Изменить стиль страницы

Мгновенно замолчав, мы обернули к нему лица.

Это был внушительный человек, красиво загорелый, но не нашим северным, а южным курортным загаром. Гладкий, холеный, очень чисто выбритый, он таил в своей кряжистости и особенно в посадке крупной головы что-то от дикого кабана. Я прежде никогда не видел таких людей. Летние туфли, светлые брюки, узорчатый кожаный ремень, голубая рубашка с короткими рукавами из какого-то чудесного материала, золотые часы на толстом запястье – все на нем было необыкновенное, высочайшего качества, очень дорогое. В руке он держал бежевый портфель с поблескивающими замочками и сам весь как бы сиял черными лучами.

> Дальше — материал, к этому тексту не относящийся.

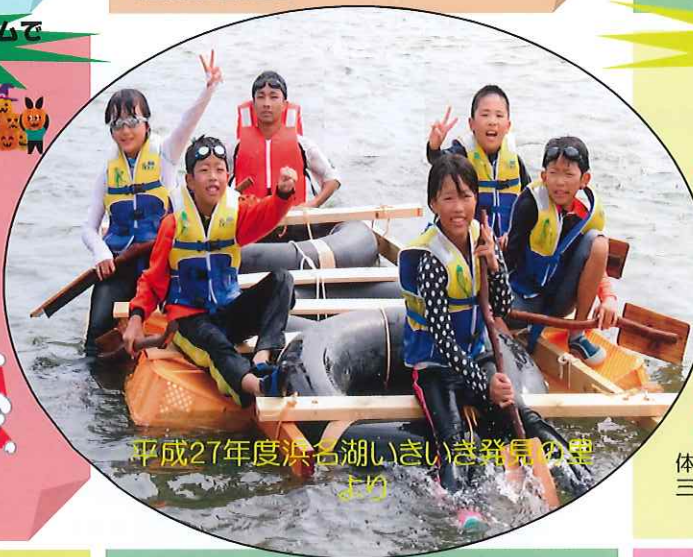
平成27年度浜名湖いきいき発見の里より

– Привет, мужики! – громко произнес он. Цепкие глаза его проскользили взглядом по нашим лицам, кого-то среди нас отыскивая. – А где мой будущий олимпийский чемпион?

И с восхищением глядя на него, застыв посреди прохода, я вспомнил фразу, сказанную мне в медицинском изоляторе Верой:

«Ты знаешь, кто у Горушина отец? А Меньшенин знает».

Старшие растерянно переглянулись, не соображая сразу, что отвечать.

– Это корпус старшей группы? – спросил вошедший.

И вдруг всех как прорвало:

– Вы папа Славика?

– Вы правильно пришли!

Каждый желал приблизиться к необыкновенному человеку, услужить ему.

– Он – на аллее у леса, – заговорил Елагин мягким плывущим голосом.

– Можешь проводить меня к нему?

Отец Горушина открыл свой портфель, выкатил на ближнюю кровать на покрывало целую кучу разноцветных конфет в бумажных и целлофановых обертках.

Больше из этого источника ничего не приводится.